Do Children Imitate Differently Across Cultures?
Children have a lot to learn, and one of the ways they meet that formidable challenge is by imitating others. They’ll imitate the good things see. They’ll imitate the bad things they see. As I’ve written about before, they’ll even imitate robots.
What’s less clear is whether children in different cultures practice the art of imitation in different ways. Is imitation an intrinsic human behavior that is a universal part of childhood, or is it influenced by cultural factors?
Some new findings from researchers in Germany suggests it might, in fact, be both of those.
In their study, the researchers looked at how imitation was used by children from urban Germany and children from a hunter-gatherer population in Namibia. The researchers were especially interested in overimitation, which is when children imitate actions that are not actually relevant or helpful to the task at hand.

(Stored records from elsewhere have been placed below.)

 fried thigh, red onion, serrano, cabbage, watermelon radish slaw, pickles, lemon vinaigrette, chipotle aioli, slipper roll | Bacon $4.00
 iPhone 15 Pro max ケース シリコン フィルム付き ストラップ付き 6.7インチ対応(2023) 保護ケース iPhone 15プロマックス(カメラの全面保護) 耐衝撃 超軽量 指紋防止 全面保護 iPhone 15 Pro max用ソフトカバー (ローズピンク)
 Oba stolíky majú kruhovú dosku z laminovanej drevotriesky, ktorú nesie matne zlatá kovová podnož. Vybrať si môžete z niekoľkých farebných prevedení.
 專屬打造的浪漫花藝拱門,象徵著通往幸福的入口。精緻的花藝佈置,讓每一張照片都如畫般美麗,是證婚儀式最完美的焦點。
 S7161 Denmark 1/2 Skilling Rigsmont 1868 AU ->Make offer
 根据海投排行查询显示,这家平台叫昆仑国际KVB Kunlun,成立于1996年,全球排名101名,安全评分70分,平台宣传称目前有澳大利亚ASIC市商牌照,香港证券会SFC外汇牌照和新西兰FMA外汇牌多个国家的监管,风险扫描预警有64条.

To study overimitation in these two groups of children, the researchers did an experiment in which children retrieved candy from a box after watching an adult do the same. In some version of the task, the adult model performed pointless actions such as repeatedly opening and closing the lid of the box, to see if the children would copy those behaviors.

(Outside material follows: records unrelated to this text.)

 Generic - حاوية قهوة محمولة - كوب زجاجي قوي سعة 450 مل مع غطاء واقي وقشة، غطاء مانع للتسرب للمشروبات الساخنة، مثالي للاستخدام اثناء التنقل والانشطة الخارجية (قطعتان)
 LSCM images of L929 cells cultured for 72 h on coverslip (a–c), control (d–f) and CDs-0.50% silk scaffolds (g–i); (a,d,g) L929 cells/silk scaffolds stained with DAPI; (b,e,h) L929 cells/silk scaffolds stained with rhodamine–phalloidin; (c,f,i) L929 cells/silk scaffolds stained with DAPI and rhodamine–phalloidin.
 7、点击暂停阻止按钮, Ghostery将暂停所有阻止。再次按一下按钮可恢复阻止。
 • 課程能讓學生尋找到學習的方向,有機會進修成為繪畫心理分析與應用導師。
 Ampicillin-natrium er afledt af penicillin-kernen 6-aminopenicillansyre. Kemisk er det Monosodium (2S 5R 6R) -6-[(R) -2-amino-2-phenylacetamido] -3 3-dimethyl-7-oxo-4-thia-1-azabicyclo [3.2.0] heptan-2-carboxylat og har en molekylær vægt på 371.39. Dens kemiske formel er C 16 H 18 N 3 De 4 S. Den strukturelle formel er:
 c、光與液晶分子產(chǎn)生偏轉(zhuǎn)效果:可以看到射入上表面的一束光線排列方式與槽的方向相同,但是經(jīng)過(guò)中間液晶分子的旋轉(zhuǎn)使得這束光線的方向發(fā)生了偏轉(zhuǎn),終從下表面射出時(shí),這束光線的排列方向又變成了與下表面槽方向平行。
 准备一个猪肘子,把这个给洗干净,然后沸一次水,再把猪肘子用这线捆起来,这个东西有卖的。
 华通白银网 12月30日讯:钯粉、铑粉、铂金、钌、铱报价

It turned out that the number of children who imitated at least some of the pointless behaviors was the same across cultures. That result is consistent with the idea that children have a tendency toward overimitation regardless of cultural context.

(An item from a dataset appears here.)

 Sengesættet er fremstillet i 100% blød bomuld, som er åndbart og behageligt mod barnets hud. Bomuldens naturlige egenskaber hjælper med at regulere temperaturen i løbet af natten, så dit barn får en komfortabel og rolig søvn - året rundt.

However, even though the same number of children engaged in overimitation in both groups, the children from urban Germany imitated more pointless behaviors. To put it another way, a child chosen at random from either group would be equally likely to engage in overimitation, but a child from the German group would be more likely to overimitate a wider variety of behaviors.
It’s not possible to say specifically why children in the German group tended to overimitate more irrelevant actions because there are so many possible factors that could be involved. But the study does suggest that, even if the phenomenon of childhood imitation and overimitation is prevalent around the world, culture could influence the degree to which children imitate the adults they encounter.